Quando ainda era possível dar um choque de gestão na Caixa, no início do segundo mandato de Dilma, o governo preferiu seguir com a política de loteamento de cargos. A contragosto, o então ministro da Fazenda, Joaquim Levy, foi obrigado a aceitar a nomeação de Míriam Belchior para a presidência do banco. Sem qualquer conhecimento técnico, mas com fortes ligações com o PT, ela acabou por piorar o que já estava ruim. O Planalto optou por uma administração amadora quando o que a Caixa precisava era de um profissional competente e tecnicamente preparado.

Além de levar a instituição federal ao prejuízo operacional, Míriam destruiu o ambiente de trabalho. Sem qualquer jogo de cintura, pôs em prática um plano de reestruturação de cima para baixo que paralisou o banco. Desde então, praticamente nada de relevante é fechado nas agências. O quadro se agravou desde que a Câmara dos Deputados aprovou a abertura de impeachment de Dilma e encaminhou o processo para o Senado. Os funcionários estão com medo de assinarem qualquer coisa, suspeitando que possam ter problemas com a Justiça mais adiante.

Filme repetido

Técnicos do Tesouro temem que, com Temer no comando do país, os vícios que levaram a Caixa para a beira do precipício se repitam e a instituição afunde de vez, obrigando os contribuintes a socorrê-la. Pelo desenho que se está montando, o comando do banco deve ir para o PP, o partido com mais políticos pegos pela Lava-Jato. O nome mais forte para substituir Miriam Belchior é o de Gilberto Occhi, que foi ministro das Cidades e da Integração Nacional de Dilma.

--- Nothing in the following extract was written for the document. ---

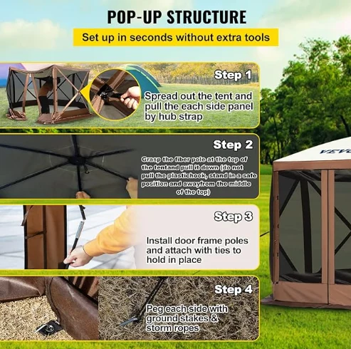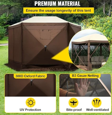ការបោះជំរុំ alopala ដែលមានភ្លៀងជ្រូកព្រៃ Canopy តង់តង់តង់ជំរុំ Gazebo បានធ្វើពីក្រណាត់អុកហ្វូដ 300 ក្រាមនិងសំណាញ់របស់មារៈបង់រុំ។ វាគឺជាអាយភីអេស 3 មិនជ្រាបទឹកភ័ស្តុតាងខាំនិងកាំរស្មីយូវី។ Gazebo '12' x 12 'Goosebo ផ្តល់នូវទំហំធំសម្រាប់ការប្រើប្រាស់ជំរកក្រៅផ្ទះ។

Caso vingue esse rateio em troca de apoio no Congresso, que ninguém estranhe se a Caixa despontar nas páginas policiais. Por ser pouco transparente, não ter uma governança consolidada nem acionistas minoritários para cobrar resultados, o banco continuará sendo um bom instrumento para o enriquecimento ilícito de políticos. Para eles, pouco importa se, de tempos em tempos, o Tesouro Nacional for chamado para cobrir rombos decorrentes de má gestão e de negócios suspeitos. A viúva que se vire para lidar com malfeitos.